"And I did my best to make that match—I encouraged Blanchard all I could. I threw her at his head! I found them here at luncheon. He's been trying for years to get her to marry him. You don't think it's possible that she would do anything rash, do you?"

Granthope's heart sickened. "In what way? How?"

"She said—what was it—the last thing. She said that he had threatened to elope with her, and perhaps they mightn't come back for some time. I thought it was a joke, but now I think of it—"

Granthope sprang up. "What time did they go?" he asked.

"Just before you came—they took the one forty-five."

"We can't reach her by telephone—they're not there yet. What time does the next train go?"

Mr. Payson turned to an Argonaut and looked at the time-table on the last page. "Saturdays—four thirty-five," he said.

"I must go after her!" Granthope cried, almost desperate. "Don't you see—don't you know women well enough to understand what a state of mind she must be in, now? After our scene last night, the despair of it would drive her to almost anything reckless, anything to make her forget! It seemed wicked, monstrous, for us to meet again—it seemed irrevocable, final. If Cayley has been pursuing her, as you say, she may accept him in sheer desperation!"

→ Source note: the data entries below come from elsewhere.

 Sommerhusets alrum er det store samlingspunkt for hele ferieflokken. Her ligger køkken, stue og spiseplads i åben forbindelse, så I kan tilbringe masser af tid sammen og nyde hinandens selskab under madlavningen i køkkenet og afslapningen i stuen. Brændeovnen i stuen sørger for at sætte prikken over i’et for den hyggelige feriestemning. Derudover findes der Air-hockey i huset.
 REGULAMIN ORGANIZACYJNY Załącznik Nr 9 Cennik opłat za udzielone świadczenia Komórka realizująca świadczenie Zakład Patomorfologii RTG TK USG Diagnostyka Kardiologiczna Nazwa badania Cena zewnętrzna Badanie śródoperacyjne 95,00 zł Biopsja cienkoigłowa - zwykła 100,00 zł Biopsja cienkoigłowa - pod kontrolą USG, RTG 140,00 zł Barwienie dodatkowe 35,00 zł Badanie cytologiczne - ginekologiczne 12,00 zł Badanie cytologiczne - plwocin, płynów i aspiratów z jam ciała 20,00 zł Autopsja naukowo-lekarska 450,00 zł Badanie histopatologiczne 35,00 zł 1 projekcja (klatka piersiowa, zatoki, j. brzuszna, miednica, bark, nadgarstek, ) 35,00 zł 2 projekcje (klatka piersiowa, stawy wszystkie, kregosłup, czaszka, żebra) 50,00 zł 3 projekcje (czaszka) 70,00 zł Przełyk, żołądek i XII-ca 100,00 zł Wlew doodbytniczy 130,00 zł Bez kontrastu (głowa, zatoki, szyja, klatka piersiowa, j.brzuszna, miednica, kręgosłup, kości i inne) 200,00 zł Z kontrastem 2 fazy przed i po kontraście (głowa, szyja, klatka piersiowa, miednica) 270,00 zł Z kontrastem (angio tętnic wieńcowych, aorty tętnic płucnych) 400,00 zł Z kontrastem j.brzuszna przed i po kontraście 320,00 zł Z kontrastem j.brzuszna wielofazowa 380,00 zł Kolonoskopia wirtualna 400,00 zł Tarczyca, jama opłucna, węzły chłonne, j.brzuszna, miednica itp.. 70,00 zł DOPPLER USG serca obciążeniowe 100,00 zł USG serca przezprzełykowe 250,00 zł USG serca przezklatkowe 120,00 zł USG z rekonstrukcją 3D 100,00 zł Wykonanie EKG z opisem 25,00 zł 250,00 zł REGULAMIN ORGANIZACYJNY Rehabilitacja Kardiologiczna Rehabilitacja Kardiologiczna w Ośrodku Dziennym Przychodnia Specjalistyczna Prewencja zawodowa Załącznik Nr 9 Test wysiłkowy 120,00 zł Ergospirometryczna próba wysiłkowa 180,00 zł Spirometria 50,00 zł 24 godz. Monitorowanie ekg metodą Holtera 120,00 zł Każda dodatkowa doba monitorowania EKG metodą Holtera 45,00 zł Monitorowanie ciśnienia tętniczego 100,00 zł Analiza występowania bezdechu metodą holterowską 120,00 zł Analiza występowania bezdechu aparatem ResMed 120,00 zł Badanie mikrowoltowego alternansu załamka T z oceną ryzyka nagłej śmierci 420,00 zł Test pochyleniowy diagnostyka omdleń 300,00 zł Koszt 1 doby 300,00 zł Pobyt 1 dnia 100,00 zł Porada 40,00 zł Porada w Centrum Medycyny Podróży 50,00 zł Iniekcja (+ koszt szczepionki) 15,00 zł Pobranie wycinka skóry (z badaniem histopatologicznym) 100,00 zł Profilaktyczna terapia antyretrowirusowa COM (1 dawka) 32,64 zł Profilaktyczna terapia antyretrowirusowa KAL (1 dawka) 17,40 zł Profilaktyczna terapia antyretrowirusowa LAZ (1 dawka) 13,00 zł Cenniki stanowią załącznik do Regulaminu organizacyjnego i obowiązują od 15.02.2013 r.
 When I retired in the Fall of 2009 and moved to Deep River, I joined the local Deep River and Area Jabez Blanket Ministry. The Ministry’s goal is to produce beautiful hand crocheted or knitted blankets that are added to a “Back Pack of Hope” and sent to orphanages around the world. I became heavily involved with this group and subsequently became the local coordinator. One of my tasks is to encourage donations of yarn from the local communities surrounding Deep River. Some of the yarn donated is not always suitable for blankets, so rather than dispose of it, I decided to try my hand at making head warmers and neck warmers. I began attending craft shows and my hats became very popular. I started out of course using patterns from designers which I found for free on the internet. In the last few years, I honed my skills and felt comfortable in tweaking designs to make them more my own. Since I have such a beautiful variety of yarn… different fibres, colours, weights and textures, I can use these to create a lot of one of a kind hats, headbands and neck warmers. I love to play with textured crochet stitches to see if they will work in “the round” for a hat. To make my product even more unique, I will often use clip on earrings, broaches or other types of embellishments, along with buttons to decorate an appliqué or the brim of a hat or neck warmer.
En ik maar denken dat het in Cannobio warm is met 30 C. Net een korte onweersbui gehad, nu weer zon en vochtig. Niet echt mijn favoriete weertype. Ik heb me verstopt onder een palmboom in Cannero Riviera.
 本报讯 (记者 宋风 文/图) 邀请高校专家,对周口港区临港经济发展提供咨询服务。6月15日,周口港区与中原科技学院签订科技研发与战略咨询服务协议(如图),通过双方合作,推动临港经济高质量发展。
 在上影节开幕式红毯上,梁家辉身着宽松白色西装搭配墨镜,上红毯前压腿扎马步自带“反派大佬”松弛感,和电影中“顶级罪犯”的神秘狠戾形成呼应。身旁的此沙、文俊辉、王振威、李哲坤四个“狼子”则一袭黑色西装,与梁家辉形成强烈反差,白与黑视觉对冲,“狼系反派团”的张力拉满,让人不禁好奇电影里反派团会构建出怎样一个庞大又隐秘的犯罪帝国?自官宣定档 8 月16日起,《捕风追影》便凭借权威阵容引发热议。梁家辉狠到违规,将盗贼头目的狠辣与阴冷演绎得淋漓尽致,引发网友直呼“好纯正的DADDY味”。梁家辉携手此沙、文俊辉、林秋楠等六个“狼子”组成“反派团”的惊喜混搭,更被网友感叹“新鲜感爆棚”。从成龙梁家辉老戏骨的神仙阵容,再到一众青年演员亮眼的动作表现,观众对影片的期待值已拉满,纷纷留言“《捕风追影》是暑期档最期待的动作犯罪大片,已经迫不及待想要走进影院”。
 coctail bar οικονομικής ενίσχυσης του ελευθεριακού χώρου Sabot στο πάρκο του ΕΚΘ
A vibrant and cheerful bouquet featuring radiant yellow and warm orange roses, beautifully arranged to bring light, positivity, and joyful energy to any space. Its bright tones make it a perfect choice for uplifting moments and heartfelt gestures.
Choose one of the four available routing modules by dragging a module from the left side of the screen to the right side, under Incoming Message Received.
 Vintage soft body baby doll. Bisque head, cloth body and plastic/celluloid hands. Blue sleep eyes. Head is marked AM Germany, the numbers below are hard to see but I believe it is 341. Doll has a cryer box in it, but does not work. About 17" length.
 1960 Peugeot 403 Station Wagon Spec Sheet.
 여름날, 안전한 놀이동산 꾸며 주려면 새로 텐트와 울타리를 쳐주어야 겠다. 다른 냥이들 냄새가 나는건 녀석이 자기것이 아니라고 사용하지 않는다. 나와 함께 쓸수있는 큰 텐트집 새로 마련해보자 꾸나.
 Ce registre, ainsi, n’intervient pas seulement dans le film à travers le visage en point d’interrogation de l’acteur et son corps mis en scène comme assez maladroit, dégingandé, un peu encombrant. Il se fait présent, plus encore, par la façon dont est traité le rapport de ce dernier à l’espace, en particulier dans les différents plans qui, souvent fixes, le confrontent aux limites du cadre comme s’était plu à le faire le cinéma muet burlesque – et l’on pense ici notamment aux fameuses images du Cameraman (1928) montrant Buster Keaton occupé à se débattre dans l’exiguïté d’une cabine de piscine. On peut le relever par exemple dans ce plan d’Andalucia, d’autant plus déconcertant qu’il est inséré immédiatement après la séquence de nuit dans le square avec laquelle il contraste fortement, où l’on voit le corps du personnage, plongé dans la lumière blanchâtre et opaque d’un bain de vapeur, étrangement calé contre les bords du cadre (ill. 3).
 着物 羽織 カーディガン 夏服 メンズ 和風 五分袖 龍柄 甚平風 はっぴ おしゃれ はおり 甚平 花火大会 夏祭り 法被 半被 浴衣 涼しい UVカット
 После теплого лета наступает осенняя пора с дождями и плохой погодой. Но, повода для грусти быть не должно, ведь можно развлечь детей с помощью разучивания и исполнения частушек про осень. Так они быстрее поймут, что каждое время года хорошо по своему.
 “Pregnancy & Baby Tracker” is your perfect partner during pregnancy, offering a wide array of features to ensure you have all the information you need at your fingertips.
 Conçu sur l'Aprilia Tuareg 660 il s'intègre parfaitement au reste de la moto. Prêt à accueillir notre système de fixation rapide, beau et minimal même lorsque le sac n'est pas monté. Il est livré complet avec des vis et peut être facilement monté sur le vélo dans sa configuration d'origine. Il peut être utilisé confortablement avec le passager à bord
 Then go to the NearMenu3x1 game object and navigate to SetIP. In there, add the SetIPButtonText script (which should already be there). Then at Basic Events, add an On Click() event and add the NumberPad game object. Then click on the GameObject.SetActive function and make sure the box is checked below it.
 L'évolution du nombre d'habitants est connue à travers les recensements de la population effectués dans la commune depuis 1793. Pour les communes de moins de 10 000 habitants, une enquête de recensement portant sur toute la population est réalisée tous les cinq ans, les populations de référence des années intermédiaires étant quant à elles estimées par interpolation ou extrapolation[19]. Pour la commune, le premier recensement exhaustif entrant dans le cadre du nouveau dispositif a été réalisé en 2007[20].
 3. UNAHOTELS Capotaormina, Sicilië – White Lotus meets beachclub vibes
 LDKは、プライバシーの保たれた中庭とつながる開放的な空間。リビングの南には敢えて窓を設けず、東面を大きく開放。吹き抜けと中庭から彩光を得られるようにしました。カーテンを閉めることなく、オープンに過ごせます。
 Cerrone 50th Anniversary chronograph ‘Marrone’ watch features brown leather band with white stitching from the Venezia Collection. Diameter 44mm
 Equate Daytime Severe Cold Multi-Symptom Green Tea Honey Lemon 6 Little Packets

"Go up there," said the old man. "Go up, and tell her everything. It is better for you to tell her. Cayley will resent your appearance, but don't mind that—get rid of him at any cost. You will have to manage him. If Clytie is in love with you, I'll stand by her in whatever she says. Don't think I'm a doting fool, Granthope, that I veer with the wind, this way. I wanted her to marry Cayley, because I thought she'd never know this, and he was a man of honor and intelligence. But I didn't know that Felicia's boy was alive."

Granthope left in a tumult of doubt. He knew little of Cayley, save that he was subtle and indefatigable with women—and that he was unscrupulous enough to have betrayed his friend to Vixley. But how far Clytie's revulsion of feeling would have carried her by this time, he dared not think. She was in a parlous state, and ripe for any extreme impulse.